= What this task involves =
Please retype the entries that follow exactly as they are, leaving the images behind.

===============

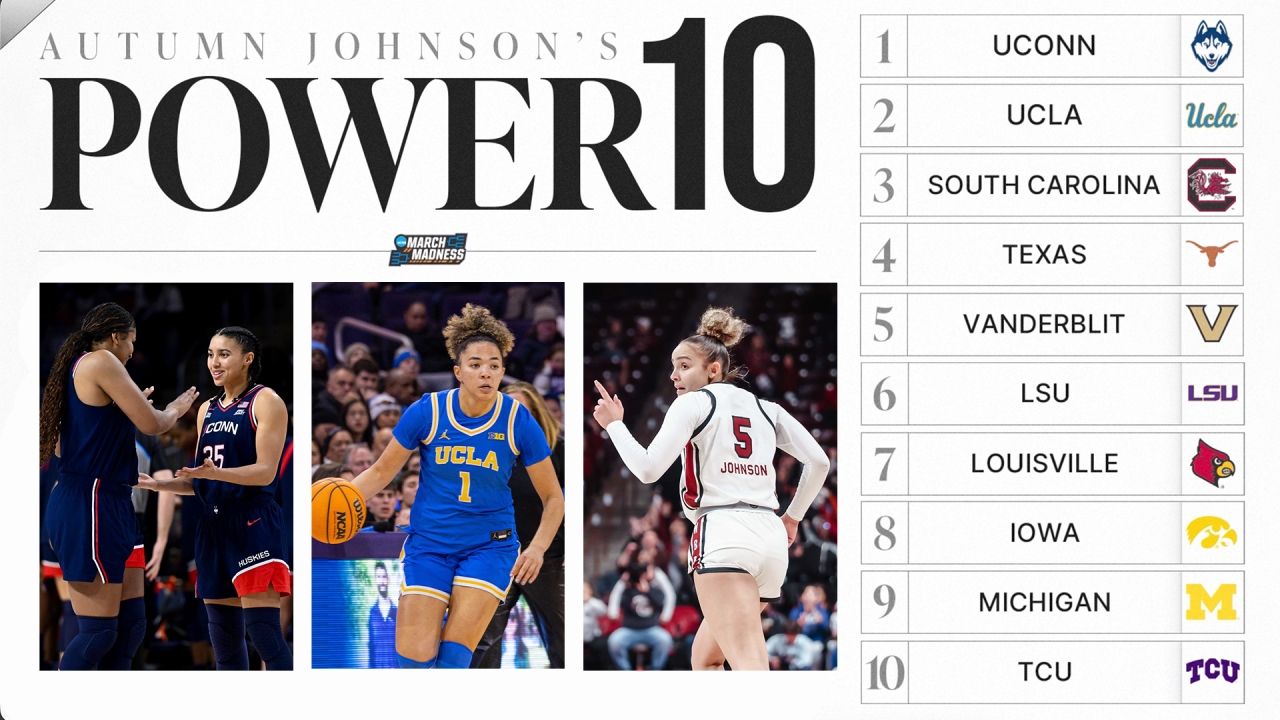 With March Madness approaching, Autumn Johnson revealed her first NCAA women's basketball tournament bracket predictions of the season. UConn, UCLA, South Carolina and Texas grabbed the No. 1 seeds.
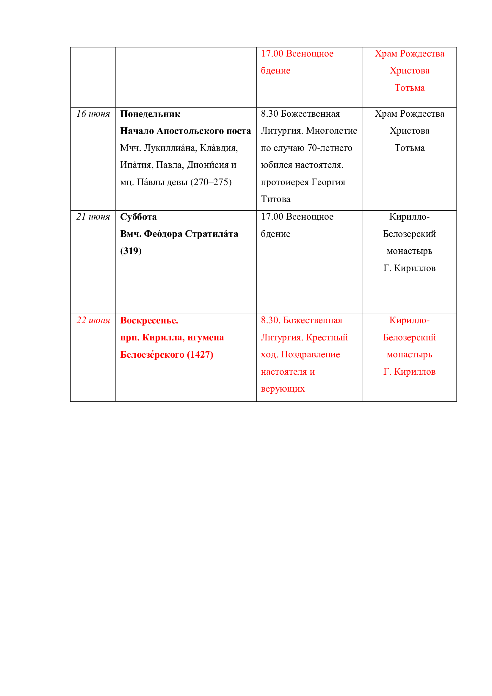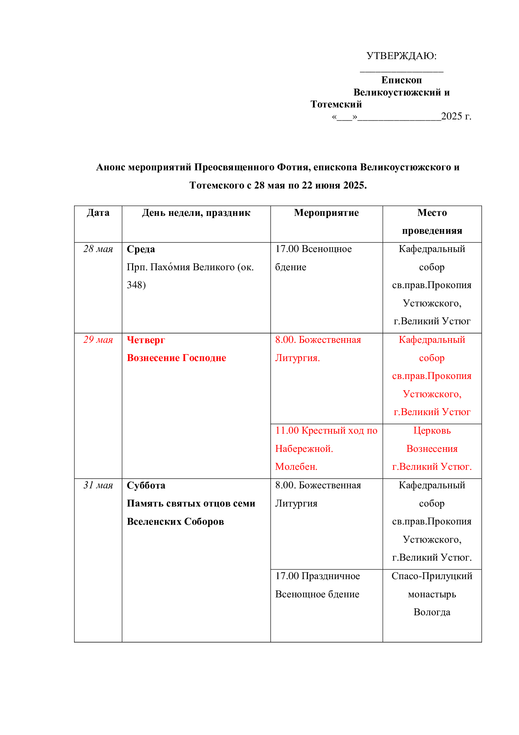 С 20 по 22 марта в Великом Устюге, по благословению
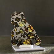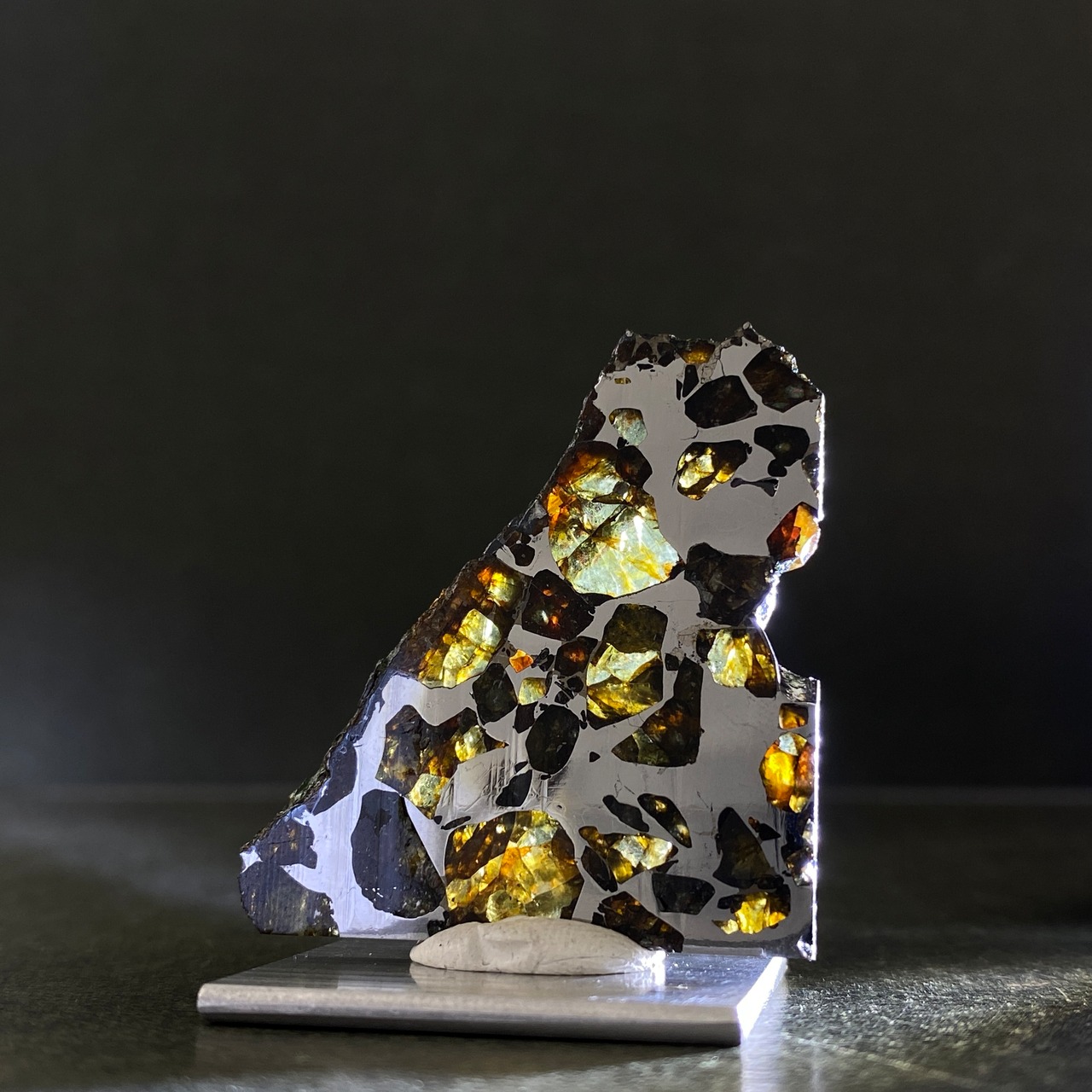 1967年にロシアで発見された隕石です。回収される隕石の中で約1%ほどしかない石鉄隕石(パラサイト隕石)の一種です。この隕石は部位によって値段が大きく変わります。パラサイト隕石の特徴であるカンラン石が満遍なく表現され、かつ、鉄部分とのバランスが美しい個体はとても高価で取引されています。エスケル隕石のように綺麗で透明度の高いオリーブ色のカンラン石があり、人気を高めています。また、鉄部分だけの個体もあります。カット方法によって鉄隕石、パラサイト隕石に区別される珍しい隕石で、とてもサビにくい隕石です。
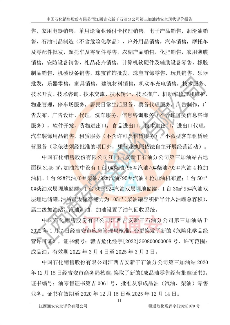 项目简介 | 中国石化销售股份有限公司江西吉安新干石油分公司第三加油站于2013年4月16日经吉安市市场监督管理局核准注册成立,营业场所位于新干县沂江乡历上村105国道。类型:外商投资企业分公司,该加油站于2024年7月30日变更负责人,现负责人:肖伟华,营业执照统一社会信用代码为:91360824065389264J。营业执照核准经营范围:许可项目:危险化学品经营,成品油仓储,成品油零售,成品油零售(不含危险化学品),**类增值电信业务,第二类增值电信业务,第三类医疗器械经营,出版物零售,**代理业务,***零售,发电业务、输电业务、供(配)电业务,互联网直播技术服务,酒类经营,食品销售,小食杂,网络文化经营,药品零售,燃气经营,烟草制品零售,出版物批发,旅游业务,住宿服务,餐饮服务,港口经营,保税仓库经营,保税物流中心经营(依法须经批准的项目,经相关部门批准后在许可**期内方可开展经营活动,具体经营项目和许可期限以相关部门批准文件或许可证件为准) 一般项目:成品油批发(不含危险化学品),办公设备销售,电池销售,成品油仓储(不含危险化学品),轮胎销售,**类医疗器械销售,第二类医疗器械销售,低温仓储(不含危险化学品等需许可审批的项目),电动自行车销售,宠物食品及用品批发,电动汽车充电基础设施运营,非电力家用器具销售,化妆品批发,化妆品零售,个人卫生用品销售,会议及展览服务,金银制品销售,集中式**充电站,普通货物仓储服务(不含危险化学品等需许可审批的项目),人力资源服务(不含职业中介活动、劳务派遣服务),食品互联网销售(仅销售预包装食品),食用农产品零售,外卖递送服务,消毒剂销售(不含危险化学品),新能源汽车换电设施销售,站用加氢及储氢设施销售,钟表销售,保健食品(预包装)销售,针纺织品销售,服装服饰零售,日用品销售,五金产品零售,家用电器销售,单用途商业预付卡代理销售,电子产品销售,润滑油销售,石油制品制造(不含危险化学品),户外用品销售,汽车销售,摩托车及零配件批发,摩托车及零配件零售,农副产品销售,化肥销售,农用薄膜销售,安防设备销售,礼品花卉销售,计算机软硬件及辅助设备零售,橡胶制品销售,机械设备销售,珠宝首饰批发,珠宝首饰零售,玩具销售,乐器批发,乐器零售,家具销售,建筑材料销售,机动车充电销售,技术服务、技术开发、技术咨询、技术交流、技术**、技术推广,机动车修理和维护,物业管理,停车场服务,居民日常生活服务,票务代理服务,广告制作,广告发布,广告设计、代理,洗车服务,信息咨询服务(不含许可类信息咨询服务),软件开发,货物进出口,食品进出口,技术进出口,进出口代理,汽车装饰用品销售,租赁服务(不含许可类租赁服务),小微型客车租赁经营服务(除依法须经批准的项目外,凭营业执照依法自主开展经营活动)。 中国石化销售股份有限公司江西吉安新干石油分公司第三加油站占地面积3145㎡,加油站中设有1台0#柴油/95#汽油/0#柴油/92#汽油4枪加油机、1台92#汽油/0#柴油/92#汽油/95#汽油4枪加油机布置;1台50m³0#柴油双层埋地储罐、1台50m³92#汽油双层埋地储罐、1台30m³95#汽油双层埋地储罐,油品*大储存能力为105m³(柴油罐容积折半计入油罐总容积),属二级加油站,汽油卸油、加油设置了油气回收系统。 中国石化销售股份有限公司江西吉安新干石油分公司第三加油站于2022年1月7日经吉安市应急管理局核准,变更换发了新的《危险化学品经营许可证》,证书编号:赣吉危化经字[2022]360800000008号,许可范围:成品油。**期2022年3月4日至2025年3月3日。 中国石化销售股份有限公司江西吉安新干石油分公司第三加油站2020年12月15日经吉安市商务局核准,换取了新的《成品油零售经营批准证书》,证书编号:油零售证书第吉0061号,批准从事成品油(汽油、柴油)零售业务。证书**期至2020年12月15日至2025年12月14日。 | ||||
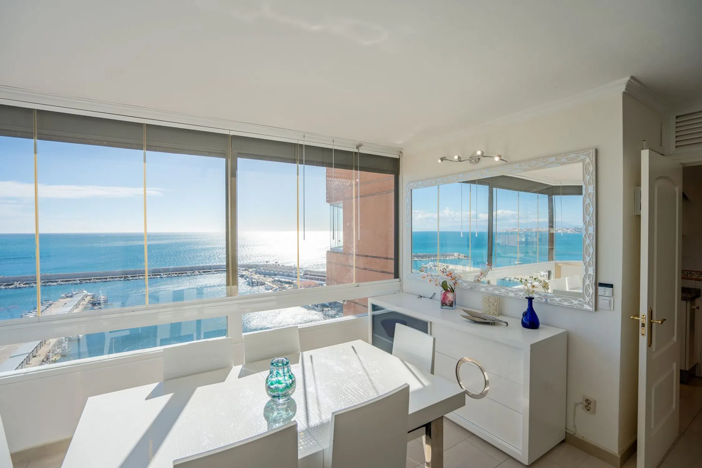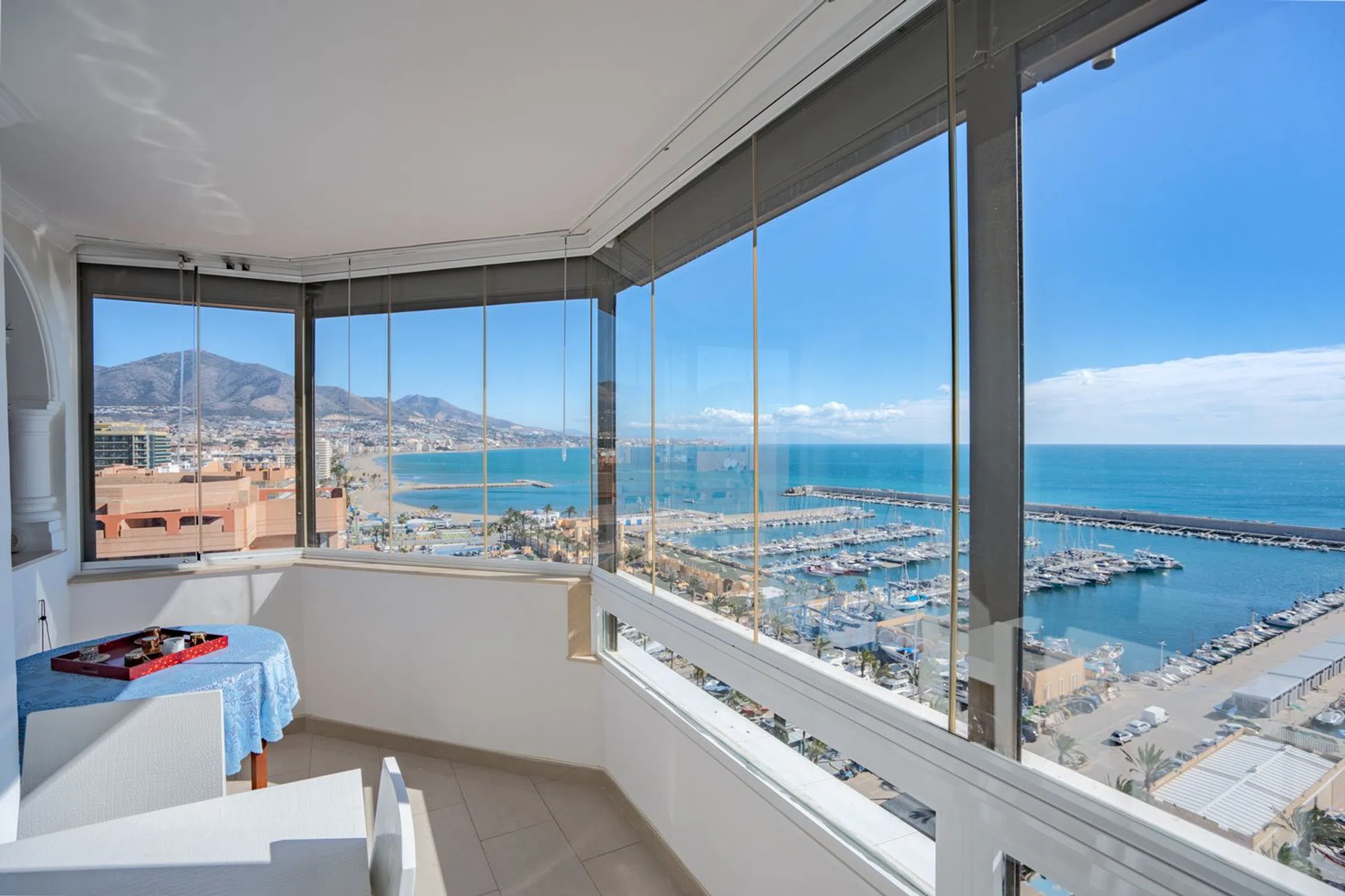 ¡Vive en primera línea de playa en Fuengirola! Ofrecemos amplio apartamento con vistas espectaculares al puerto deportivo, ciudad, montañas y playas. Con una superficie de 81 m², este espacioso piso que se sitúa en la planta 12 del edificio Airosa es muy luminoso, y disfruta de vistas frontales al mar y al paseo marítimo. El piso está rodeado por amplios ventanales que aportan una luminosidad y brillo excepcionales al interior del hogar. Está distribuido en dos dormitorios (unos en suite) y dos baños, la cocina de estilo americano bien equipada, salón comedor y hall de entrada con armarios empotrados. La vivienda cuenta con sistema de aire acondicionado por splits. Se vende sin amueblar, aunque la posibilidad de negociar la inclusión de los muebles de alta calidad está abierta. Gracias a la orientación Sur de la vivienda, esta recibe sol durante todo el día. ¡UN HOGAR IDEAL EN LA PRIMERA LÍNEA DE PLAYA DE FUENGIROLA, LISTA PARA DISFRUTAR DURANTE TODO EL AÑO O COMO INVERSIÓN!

===============

= Answer section =
 With March Madness approaching, Autumn Johnson revealed her first NCAA women's basketball tournament bracket predictions of the season. UConn, UCLA, South Carolina and Texas grabbed the No. 1 seeds.
 С 20 по 22 марта в Великом Устюге, по благословению
 1967年にロシアで発見された隕石です。回収される隕石の中で約1%ほどしかない石鉄隕石(パラサイト隕石)の一種です。この隕石は部位によって値段が大きく変わります。パラサイト隕石の特徴であるカンラン石が満遍なく表現され、かつ、鉄部分とのバランスが美しい個体はとても高価で取引されています。エスケル隕石のように綺麗で透明度の高いオリーブ色のカンラン石があり、人気を高めています。また、鉄部分だけの個体もあります。カット方法によって鉄隕石、パラサイト隕石に区別される珍しい隕石で、とてもサビにくい隕石です。
 项目简介 | 中国石化销售股份有限公司江西吉安新干石油分公司第三加油站于2013年4月16日经吉安市市场监督管理局核准注册成立,营业场所位于新干县沂江乡历上村105国道。类型:外商投资企业分公司,该加油站于2024年7月30日变更负责人,现负责人:肖伟华,营业执照统一社会信用代码为:91360824065389264J。营业执照核准经营范围:许可项目:危险化学品经营,成品油仓储,成品油零售,成品油零售(不含危险化学品),**类增值电信业务,第二类增值电信业务,第三类医疗器械经营,出版物零售,**代理业务,***零售,发电业务、输电业务、供(配)电业务,互联网直播技术服务,酒类经营,食品销售,小食杂,网络文化经营,药品零售,燃气经营,烟草制品零售,出版物批发,旅游业务,住宿服务,餐饮服务,港口经营,保税仓库经营,保税物流中心经营(依法须经批准的项目,经相关部门批准后在许可**期内方可开展经营活动,具体经营项目和许可期限以相关部门批准文件或许可证件为准) 一般项目:成品油批发(不含危险化学品),办公设备销售,电池销售,成品油仓储(不含危险化学品),轮胎销售,**类医疗器械销售,第二类医疗器械销售,低温仓储(不含危险化学品等需许可审批的项目),电动自行车销售,宠物食品及用品批发,电动汽车充电基础设施运营,非电力家用器具销售,化妆品批发,化妆品零售,个人卫生用品销售,会议及展览服务,金银制品销售,集中式**充电站,普通货物仓储服务(不含危险化学品等需许可审批的项目),人力资源服务(不含职业中介活动、劳务派遣服务),食品互联网销售(仅销售预包装食品),食用农产品零售,外卖递送服务,消毒剂销售(不含危险化学品),新能源汽车换电设施销售,站用加氢及储氢设施销售,钟表销售,保健食品(预包装)销售,针纺织品销售,服装服饰零售,日用品销售,五金产品零售,家用电器销售,单用途商业预付卡代理销售,电子产品销售,润滑油销售,石油制品制造(不含危险化学品),户外用品销售,汽车销售,摩托车及零配件批发,摩托车及零配件零售,农副产品销售,化肥销售,农用薄膜销售,安防设备销售,礼品花卉销售,计算机软硬件及辅助设备零售,橡胶制品销售,机械设备销售,珠宝首饰批发,珠宝首饰零售,玩具销售,乐器批发,乐器零售,家具销售,建筑材料销售,机动车充电销售,技术服务、技术开发、技术咨询、技术交流、技术**、技术推广,机动车修理和维护,物业管理,停车场服务,居民日常生活服务,票务代理服务,广告制作,广告发布,广告设计、代理,洗车服务,信息咨询服务(不含许可类信息咨询服务),软件开发,货物进出口,食品进出口,技术进出口,进出口代理,汽车装饰用品销售,租赁服务(不含许可类租赁服务),小微型客车租赁经营服务(除依法须经批准的项目外,凭营业执照依法自主开展经营活动)。 中国石化销售股份有限公司江西吉安新干石油分公司第三加油站占地面积3145㎡,加油站中设有1台0#柴油/95#汽油/0#柴油/92#汽油4枪加油机、1台92#汽油/0#柴油/92#汽油/95#汽油4枪加油机布置;1台50m³0#柴油双层埋地储罐、1台50m³92#汽油双层埋地储罐、1台30m³95#汽油双层埋地储罐,油品*大储存能力为105m³(柴油罐容积折半计入油罐总容积),属二级加油站,汽油卸油、加油设置了油气回收系统。 中国石化销售股份有限公司江西吉安新干石油分公司第三加油站于2022年1月7日经吉安市应急管理局核准,变更换发了新的《危险化学品经营许可证》,证书编号:赣吉危化经字[2022]360800000008号,许可范围:成品油。**期2022年3月4日至2025年3月3日。 中国石化销售股份有限公司江西吉安新干石油分公司第三加油站2020年12月15日经吉安市商务局核准,换取了新的《成品油零售经营批准证书》,证书编号:油零售证书第吉0061号,批准从事成品油(汽油、柴油)零售业务。证书**期至2020年12月15日至2025年12月14日。 | ||||
 ¡Vive en primera línea de playa en Fuengirola! Ofrecemos amplio apartamento con vistas espectaculares al puerto deportivo, ciudad, montañas y playas. Con una superficie de 81 m², este espacioso piso que se sitúa en la planta 12 del edificio Airosa es muy luminoso, y disfruta de vistas frontales al mar y al paseo marítimo. El piso está rodeado por amplios ventanales que aportan una luminosidad y brillo excepcionales al interior del hogar. Está distribuido en dos dormitorios (unos en suite) y dos baños, la cocina de estilo americano bien equipada, salón comedor y hall de entrada con armarios empotrados. La vivienda cuenta con sistema de aire acondicionado por splits. Se vende sin amueblar, aunque la posibilidad de negociar la inclusión de los muebles de alta calidad está abierta. Gracias a la orientación Sur de la vivienda, esta recibe sol durante todo el día. ¡UN HOGAR IDEAL EN LA PRIMERA LÍNEA DE PLAYA DE FUENGIROLA, LISTA PARA DISFRUTAR DURANTE TODO EL AÑO O COMO INVERSIÓN!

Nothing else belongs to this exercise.